UNITED STATES
SECURITIES AND EXCHANGE COMMISSION
WASHINGTON, D.C. 20549


FORM 8-K

CURRENT REPORT PURSUANT
TO SECTION 13 OR 15(d) OF THE
SECURITIES EXCHANGE ACT OF 1934


May 17, 2017
Date of Report (Date of earliest event reported)


ANWORTH MORTGAGE ASSET CORPORATION .
(Exact Name of Registrant as Specified in its Charter)


Maryland
(State or Other Jurisdiction of Incorporation)

001-13709

52-2059785

(Commission File Number)

(IRS Employer Identification No.)

1299 Ocean Avenue, Second Floor, Santa Monica, California

90401

(Address of Principal Executive Offices) (Zip Code)

(310) 255-4493
( Registrant’s Telephone Number, Including Area Code)


Check the appropriate box below if the Form 8-K filing is intended to simultaneously satisfy the filing obligation of the registrant under any of the following provisions:

Written communications pursuant to Rule 425 under the Securities Act (17 CFR 230.425)

Soliciting material pursuant to Rule 14a-12 under the Exchange Act (17 CFR 240.14a-12)

Pre-commencement communications pursuant to Rule 14d-2(b) under the Exchange Act (17 CFR 240.14d-2(b))

Pre-commencement communications pursuant to Rule 13e-4(c) under the Exchange Act (17 CFR 240.13e-4(c))

Indicate by check mark whether the registrant is an emerging growth company as defined in Rule 405 of the Securities Act of 1933, as amended, or Rule 12b-2 of the Exchange Act.
 

Emerging growth company     

If an emerging growth company, indicate by check mark if the registrant has elected not to use the extended transition period for complying with any new or revised financial accounting standards provided pursuant to Section 13(a) of the Exchange Act.      ⃞


Item 5.07. Submission of Matters to a Vote of Security Holders.

On May 17, 2017, Anworth Mortgage Asset Corporation (“Anworth”) held its 2017 Annual Meeting of Stockholders (the “Annual Meeting”).
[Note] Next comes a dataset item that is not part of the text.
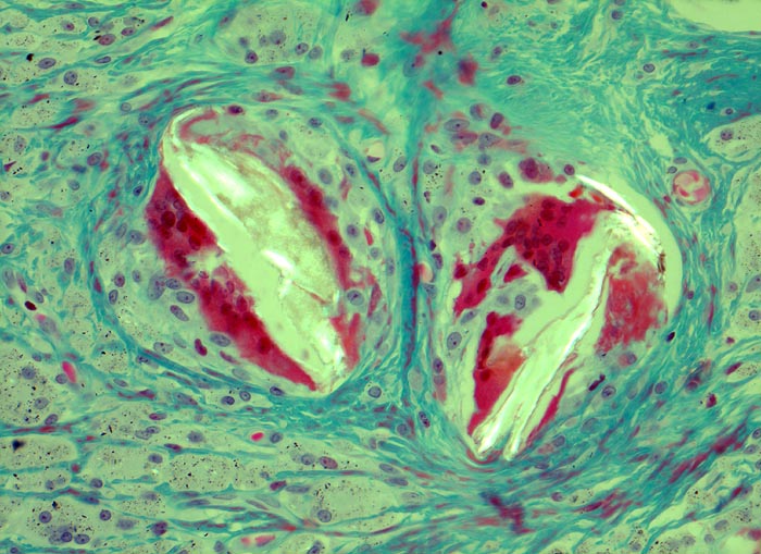 Langes fadenförmiges doppelbrechendes Fremdmaterial (Polyethylen) umgeben von Fremdkörperriesenzellen. Neben den Riesenzellen zahlreiche Histiozyten mit doppelbrechendem granulärem und stäbchenförmigem Material (Zirkondioxid).

The following actions were taken at the Annual Meeting, for which proxies were solicited pursuant to Regulation 14A under the Securities Exchange Act of 1934, as amended:

1.

The six nominees proposed by the Board of Directors were elected as directors to hold office until the next annual meeting of stockholders or until their successors have been duly elected and qualified by the following final voting results:

Nominee   For   Against   Abstain
 
Lloyd McAdams 51,166,608 2,733,743 271,463
Lee A. Ault, III 48,797,036 3,859,574 1,515,204
Joe E. Davis 49,084,043 3,552,403 1,535,368
Robert C. Davis 51,184,220 1,450,294 1,537,300
Mark S. Maron 51,341,995 1,332,911 1,496,908
Joseph E. McAdams 50,487,031 3,412,099 272,684

2.

The advisory vote to approve the compensation of our Named Executive Officers was approved.  The proposal received the following final voting results: for: 37,690,693; against: 14,460,450; and abstentions: 2,020,671.

 

3.

The advisory vote on the frequency of the advisory vote to approve the compensation of our Named Executive Officers was approved to be held every year.  The proposal received the following final voting results: 1 year: 50,995,378; 2 years: 970,610; 3 years: 1,547,005; and abstentions: 658,821.

 

 

Our stockholders expressed a preference that a non-binding, advisory vote on the compensation of our Named Executive Officers be held every year.  Based on this voting result and consistent with the recommendation of our Board of Directors in our proxy statement for the Annual Meeting, our Board of Directors has determined that we will hold an advisory vote on the compensation of our Named Executive Officers every year until the next required advisory vote on the frequency of future advisory votes on the compensation of our Named Executive Officers.

 

4.

The ratification of the appointment of RSM US LLP as our independent registered public accounting firm for the fiscal year ending December 31, 2017 was approved.  The proposal received the following final voting results: for: 81,556,045; against: 643,414; and abstentions: 373,292.

Item 9.01 Financial Statements and Exhibits.
(a)   Not Applicable.
 
(b) Not Applicable.
 
(c) Not Applicable.
 
(d) Exhibits.
 

Exhibit 99.1

 

Press release dated May 22, 2017 announcing the final voting results of Anworth’s 2017 Annual Meeting.


SIGNATURES

Pursuant to the requirements of the Securities Exchange Act of 1934, the registrant has duly caused this report to be signed on its behalf by the undersigned, hereunto duly authorized.


ANWORTH MORTGAGE ASSET CORPORATION

 

Date: May 22, 2017 By:

/s/ Lloyd McAdams

Chief Executive Officer


EXHIBIT INDEX

Exhibit #

 

Description

 

99.1

Press release dated May 22, 2017 announcing the final voting results of Anworth’s 2017 Annual Meeting.